We collect and categorize ideas. We dig into our passages. We assemble supporting verses and material. We put it all in outline form. And then, we deliver it!
One of the last steps in the preparation process is to add flavor to the message in order to communicate it well to a modern audience.
The Bible says of Solomon that “the Preacher sought to find delightful words…” (Ecclesiastes 12:10 NASB)
“Let your speech always be gracious, seasoned with salt…” Col. 4:6 (RSV) “Talk to them agreeably and with a flavor of wit, and try to fit your answers to the needs of each one.” Col. 4:6 (JB)
In other words, we should flavor the message for our audience – not to make it more or less acceptable, but to make it more memorable and engaging.
If words are to enter people’s hearts and bear fruit, they must be the right words, shaped to pass defenses and explode silently and effectually within their minds.
In other words, what you say matters, and how you say it matters, too!
Once I’ve done the work of preparing the content of the message, I ask these six questions.
- What is the most practical way to say it?
- What is the most positive way to say it?
- What is the most encouraging way to say it?
- What is the simplest way to say it?
- What is the most personal way to say it?
- What is the most interesting way to say it?
And once I’ve walked through those questions, I then evaluate the sermon to see what kind of flavoring I’ve really added. I use at least five different methods of flavoring a message.
Illustrations are the windows of the message – they let the light in. Preaching a sermon with no illustrations is like guiding someone around in the dark with all the lights shut off.
Illustrations should be used wisely, to amplify the meaning of the text.
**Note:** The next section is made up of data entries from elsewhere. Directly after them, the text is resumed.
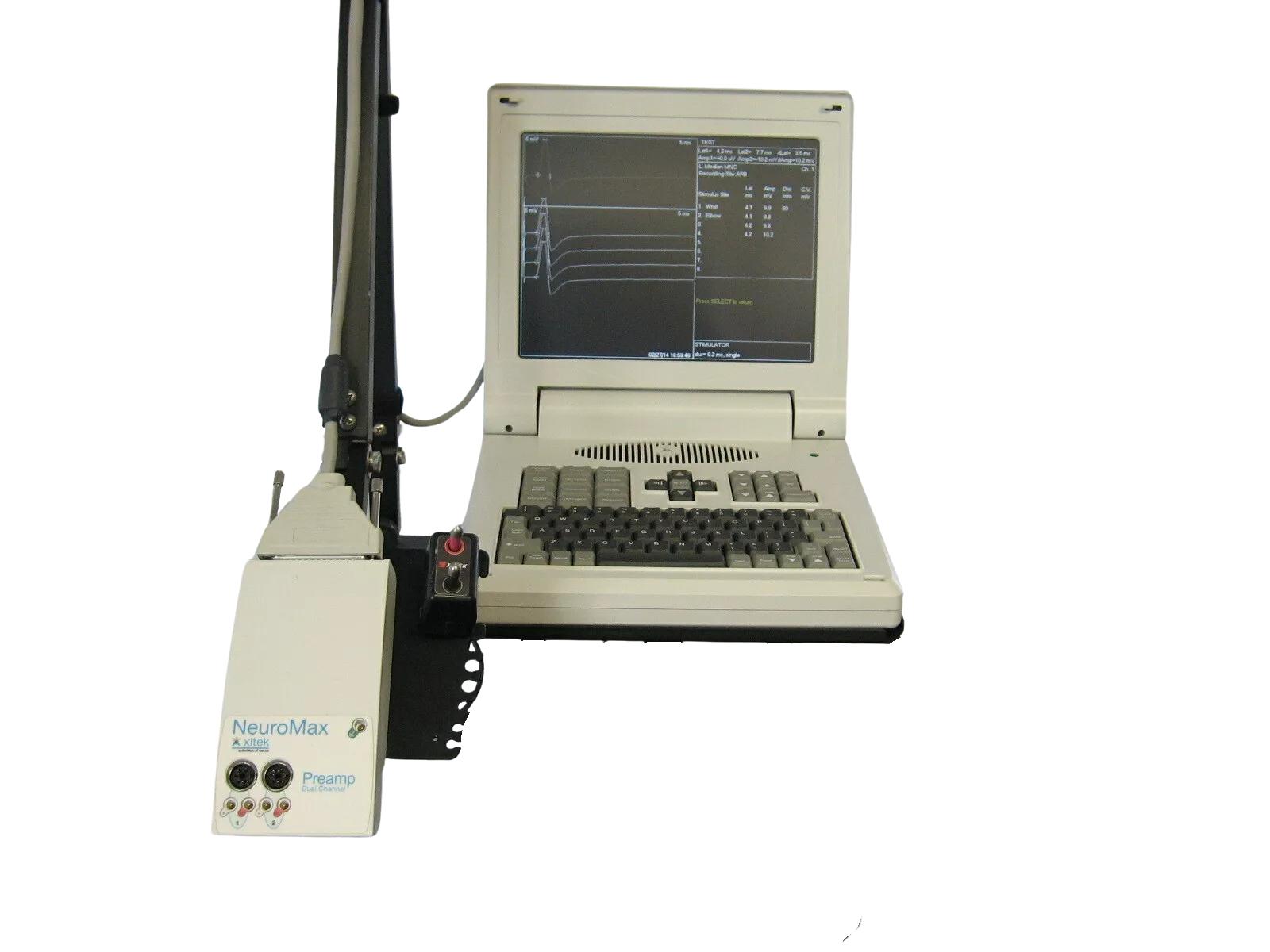 This NeuroMax 1002 CE has a durable white casing, a high-resolution 12' flat panel display, a standard laptop keyboard, and 4 USB drives for archiving patient data.
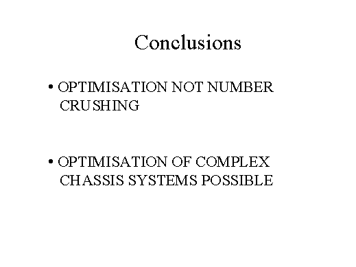 optimal values. Anyway the optimisation of a complex model in order to get good handling and road holding performances is possible. We have managed to deal with a complex problem and we have managed to derive a method to optimise the chassis of a car. |
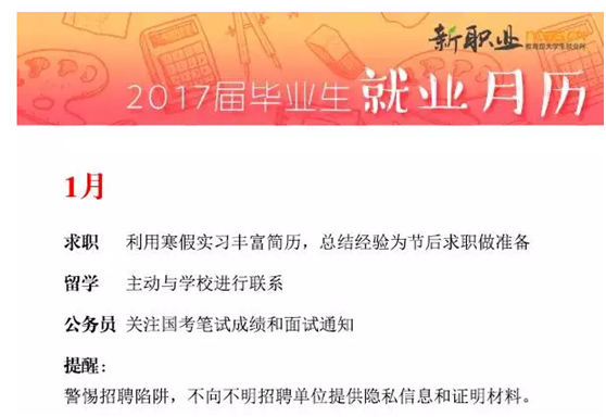 2017年,你准备好了吗?2017年就业月历帮你做好时间规划,有计划地行动起来!愿新的一年,都有理想的收获!
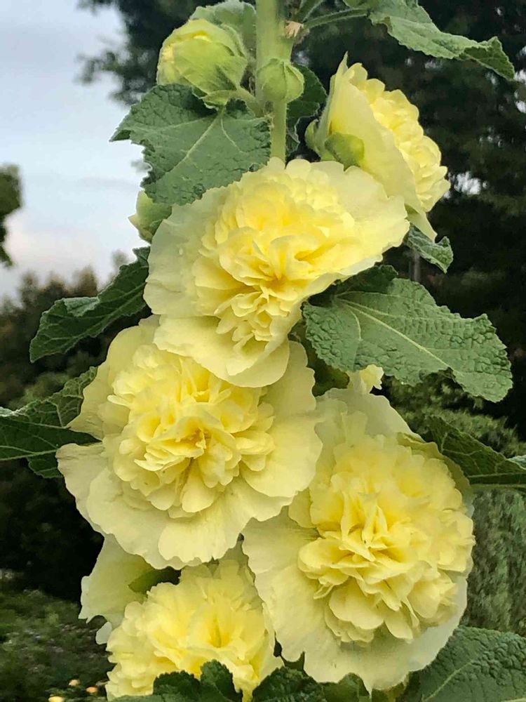 空が暗い、晴れた時もっと綺麗な色になるでしょう😍立葵タチアオイ (アルセア) チェイターズ イエロー🌿🐬
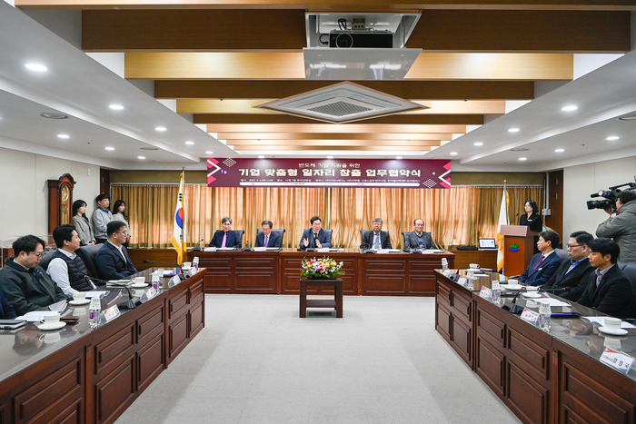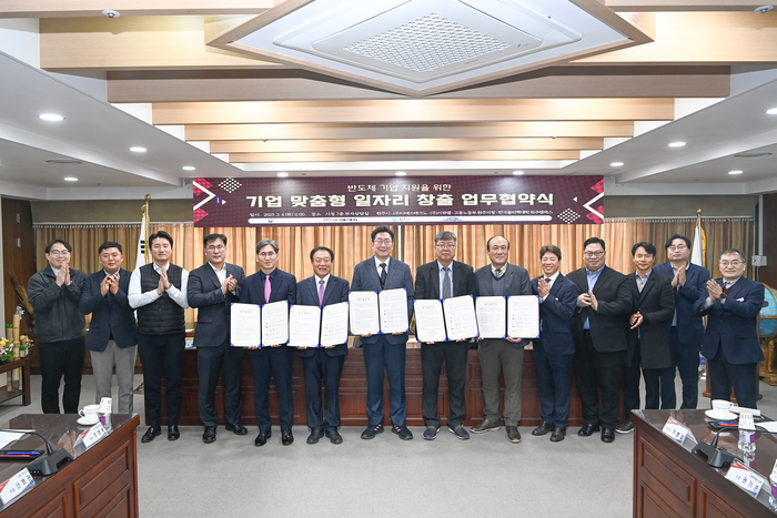 [스포츠서울ㅣ원주=김기원기자]원주시는 3월 4일(화) 시청 7층 투자상담실에서 ㈜디에스테크노, ㈜지큐엘, 한국폴리텍대학 원주캠퍼스, 고용노동부 원주지청과 함께 반도체 기업 지원을 위한 ‘기업 맞춤형 일자리 창출’ 업무협약을 체결했다.
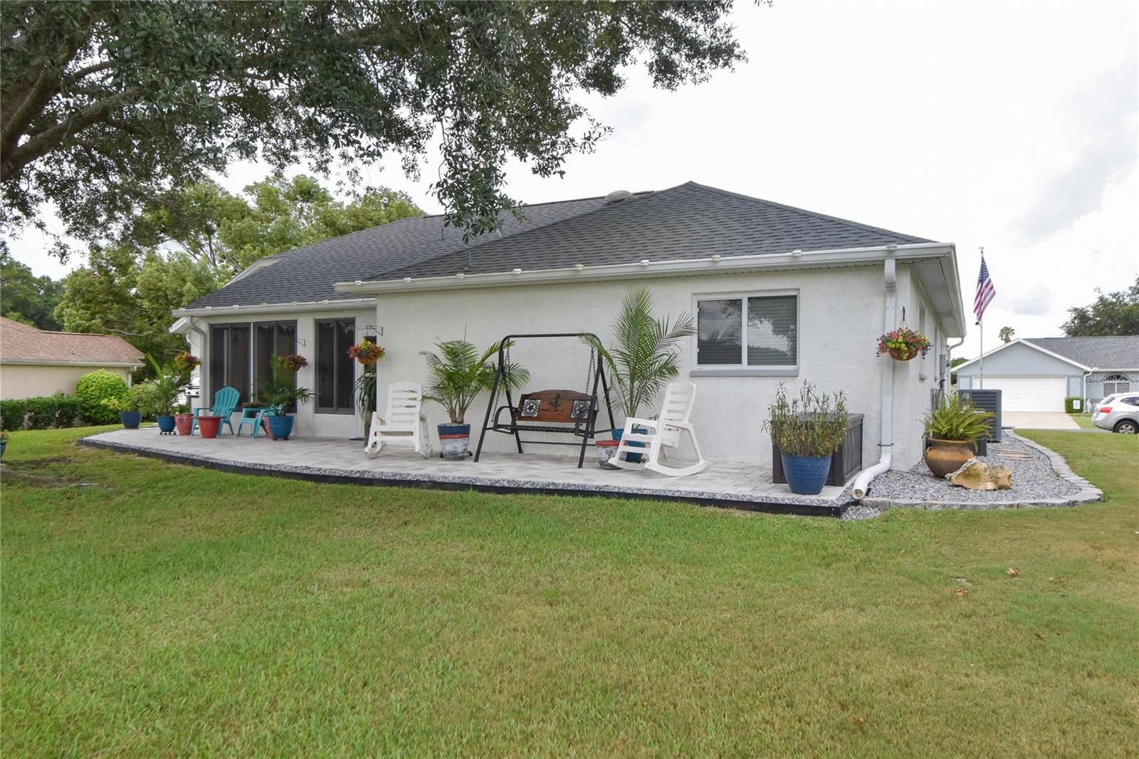 MILLION DOLLAR UNOBSTRUCTED VIEW DOWN THE FAIRWAY!!! This beautiful house has been recently remodeled with new landscaping and with grey stones. There are three windows in the living room for plenty of light and the living room has a cathedral ceiling and ceiling fan with a light. The dining room is off of the living room and has a great views of the kitchen and Florida room. The kitchen has plenty of counterspace and has a view of the Family and Florida rooms. The Family room has a ceiling fan with light and has sliding glass door leading to the Florida room. The Master bedroom has a tray ceiling and has two separate closets. The Master bathroom has a walk-in shower, soaking tub and a double sink vanity with plenty of storage. The guest bedroom has a full-length closet, tray ceiling and a fan with a light. The guest bathroom has a walk-in shower and single sink vanity with storage. There is a large closet between the 2nd bedroom and the guest bathroom. The Florida room has an outstanding view of the back yard with the unobstructed view of the golf course. This house is located on an over-sized lot. The oversized patio has a tile flooring surrounding it so you can enjoying the Million Dollar View! For more details on golf please visit: https://ocalapalmsgolf.com. View Community Amenities at: https://www.ocalapalmsresidents.com. All measurements are approximate. GREAT LOCATION: Close to Shopping across the Street at Publix, Walgreens Various Banks, Restaurants, Liquor Store, Gold's Gym, etc. 1 1/2 miles East of the World Equestrian Center. 1 1/2 Hours from Orlando and all the Attractions including Disney World, Universal Studios, Legoland, Sea World, Epcot, the Airport, etc. 1 1/2 Hours from Both Coasts. Ocala Palms offers a pristine golf course, indoor and outdoor pools, and fitness center. Embrace the vibrant lifestyle that Ocala Palms has to offer in this exceptional home.

They should be somewhat brief – don’t get bogged down in all of the irrelevant details. And they should always have a point and connect back to the main thrust of the sermon.
Jesus often used a form of ancient Hebrew, exaggerative humor. When he talked about straining at gnats while swallowing camels, his audience would have laughed.
Humor breaks the ice with people and breaks down barriers, creating a bond with the audience that paves the way for the serious appeal of the message to come through.
Testimonies and Life Change Stories
Fromt the earliest days of Saddleback, we’ve used both live and recorded testimonies in our services. We usually have people write out what they’re going to say so that we can coach them in using correct terms.
People will often forget the main points of the sermon long before they forget the story someone told in the middle of those points.
Video and Film Clips
We don’t use them much, but sometimes we use clips from popular movies to illustrate something in a message. And there have also been times when we’ve made our own clips, too.
Tag Team Preaching
One of the hardest things for a pastor to do is to trust someone else to preach to the congregation. This is especially true when they’re preaching in tag team fashion.
I’ve found that our church needs to hear from voices other than mine. And I’ve also found that people pay closer attention when a new speaker steps out on stage.
I love and wholeheartedly agree with what my friend, Chuck Swindoll, says about flavoring the message:
If you think the gathering of biblical facts and standing up with a Bible in your hand will automatically equip you to communicate well, you are deeply mistaken. It will not. You must work at being interesting. Boredom is a gross violation, being dull is a grave offense, and irrelevance is a disgrace to the Gospel. Too often these three crimes go unpunished and we preachers are the criminals.
Remember to add flavoring to your message for this weekend!